> [PROBLEM TO WORK ON]
The required output is a verbatim transcription of the listing, pictures excluded.

> [DATASET SECTION]
****

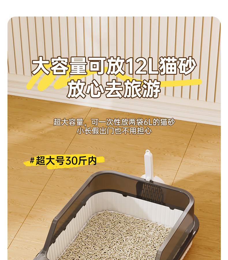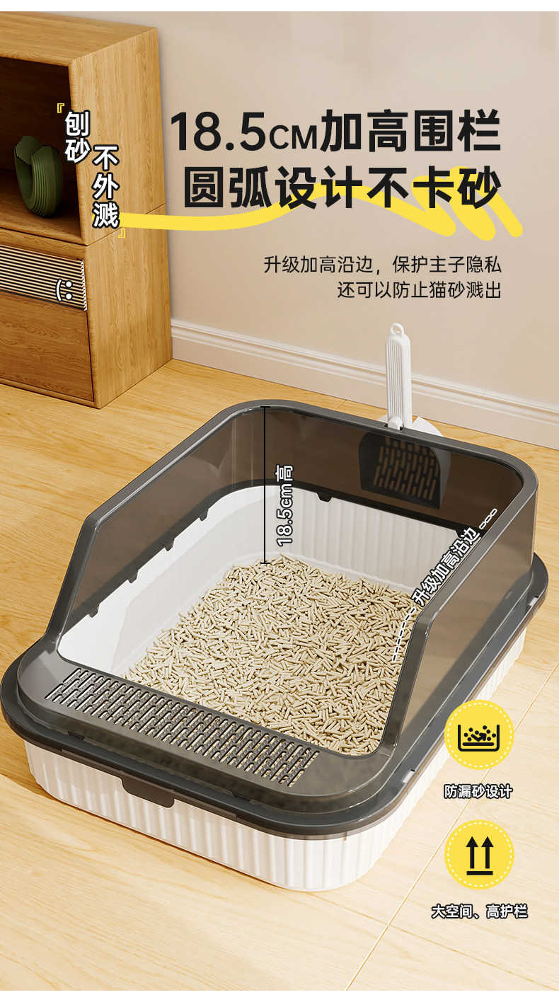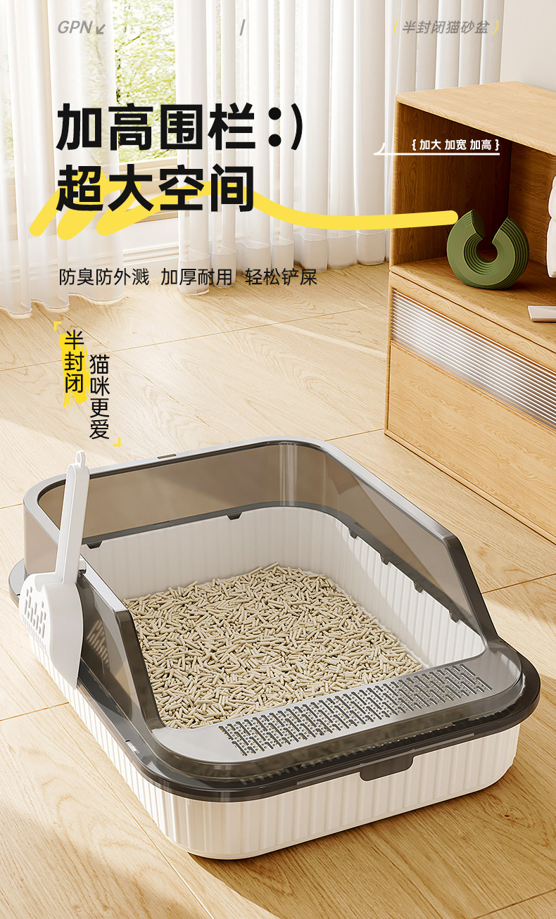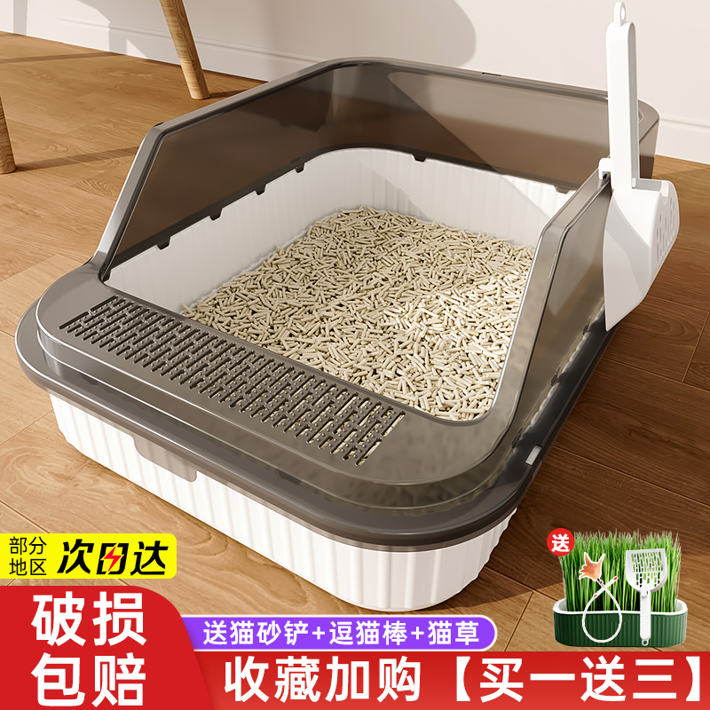 고양이 쓰레기통, 대형, 물 튀김 방지, 대형 고양이 화장실, 고양이 모래 반밀폐형 고양이 쓰레기통, 새끼 고양이 소형스토어 가기
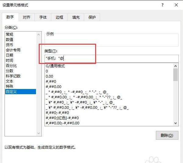 在“类型”中输入“手机:”@,“手机:”为前缀文字,@为单元格输入内容,点击“确定”。
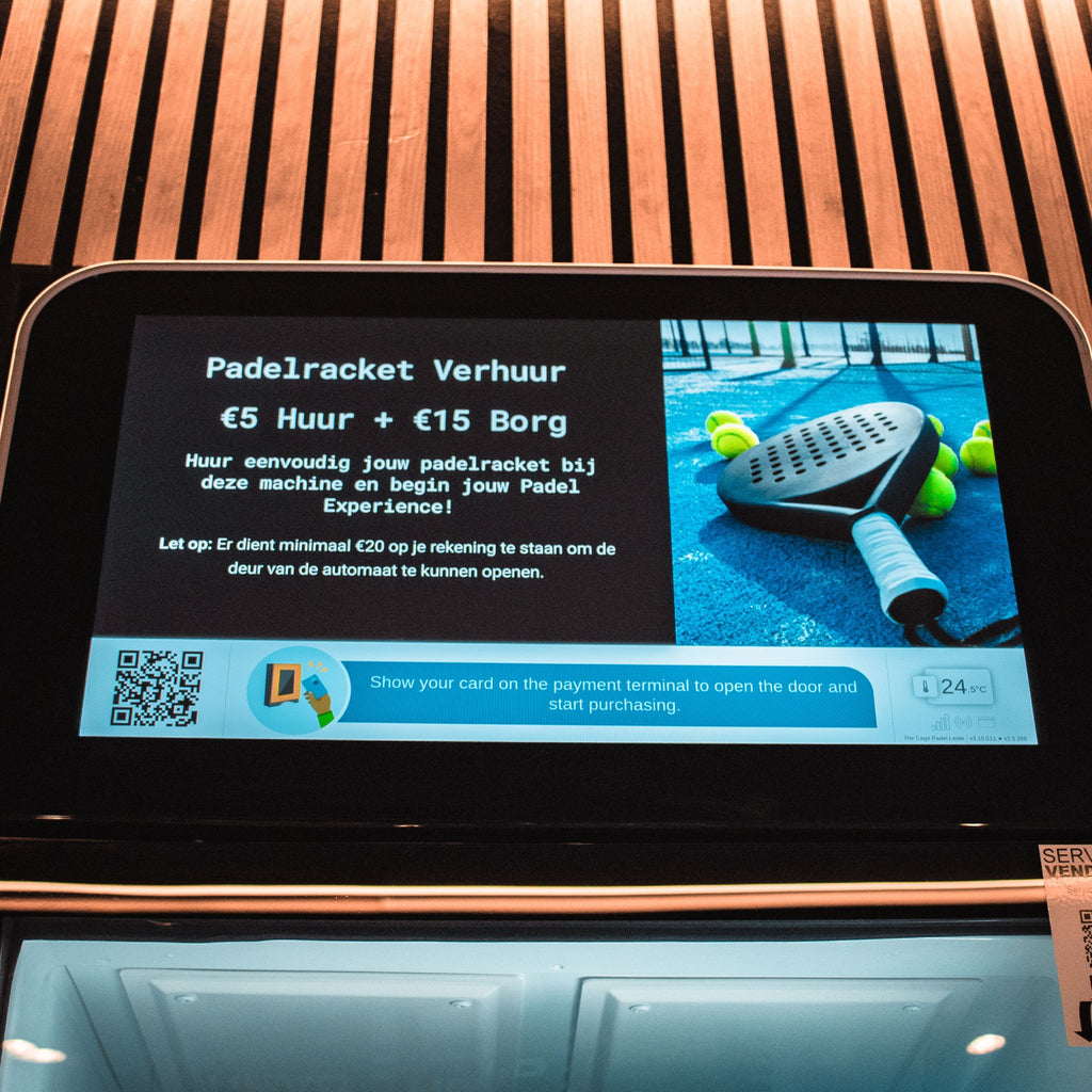Met Vending4Padel biedt u spelers directe en constante toegang tot belangrijke padelartikelen. De automaat ondersteunt de verhuur van rackets en de verkoop van ballen, grips, dranken en snacks. Alles werkt volledig automatisch en is 24 uur per dag beschikbaar. Hiermee verhoogt u het gebruiksgemak voor spelers en voorkomt u dat zij afhaken omdat materialen ontbreken. Vending4Padel versterkt de service op uw padellocatie en draagt bij aan een professionelere uitstraling, iets waar zowel clubs als recreatieparken duidelijk op worden beoordeeld.
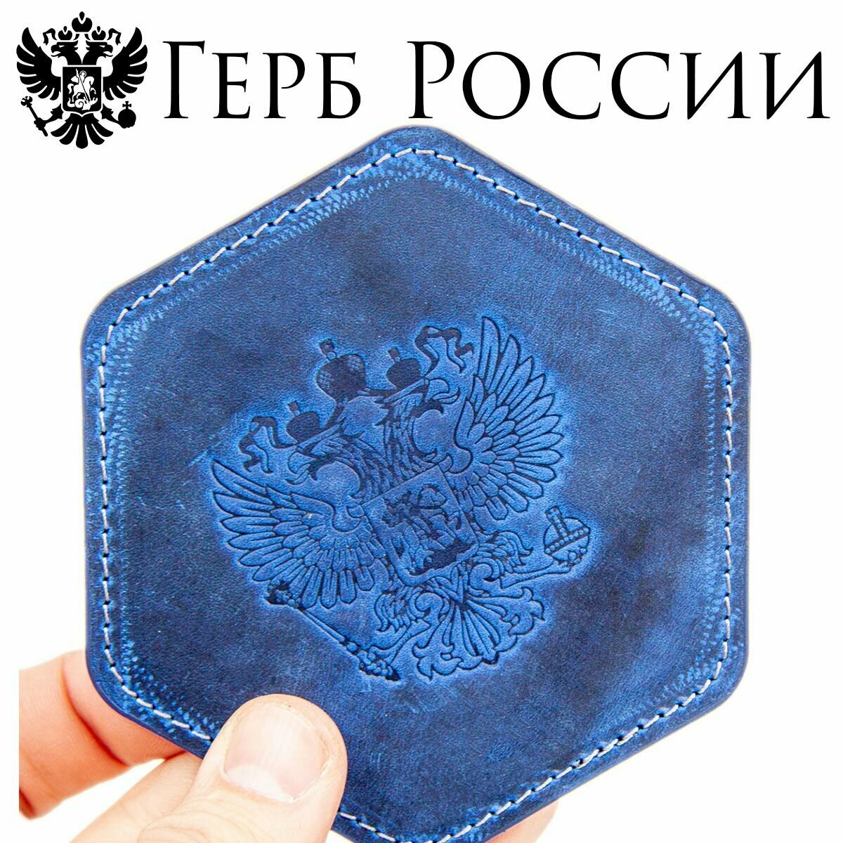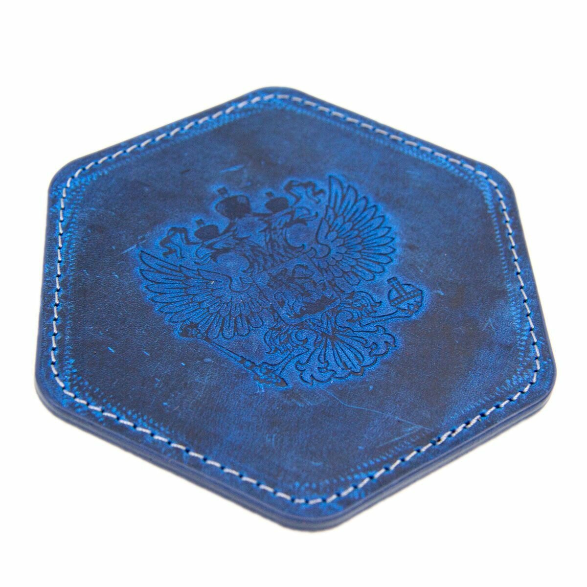 Купить Кожаный подстаканник - бирдекель для патриотов, кожаная подставка с гербом России, Corbett Rus Cobalt, J.Audmorr

****

> [ANSWER SECTION]
 고양이 쓰레기통, 대형, 물 튀김 방지, 대형 고양이 화장실, 고양이 모래 반밀폐형 고양이 쓰레기통, 새끼 고양이 소형스토어 가기
 在“类型”中输入“手机:”@,“手机:”为前缀文字,@为单元格输入内容,点击“确定”。
Met Vending4Padel biedt u spelers directe en constante toegang tot belangrijke padelartikelen. De automaat ondersteunt de verhuur van rackets en de verkoop van ballen, grips, dranken en snacks. Alles werkt volledig automatisch en is 24 uur per dag beschikbaar. Hiermee verhoogt u het gebruiksgemak voor spelers en voorkomt u dat zij afhaken omdat materialen ontbreken. Vending4Padel versterkt de service op uw padellocatie en draagt bij aan een professionelere uitstraling, iets waar zowel clubs als recreatieparken duidelijk op worden beoordeeld.
 Купить Кожаный подстаканник - бирдекель для патриотов, кожаная подставка с гербом России, Corbett Rus Cobalt, J.Audmorr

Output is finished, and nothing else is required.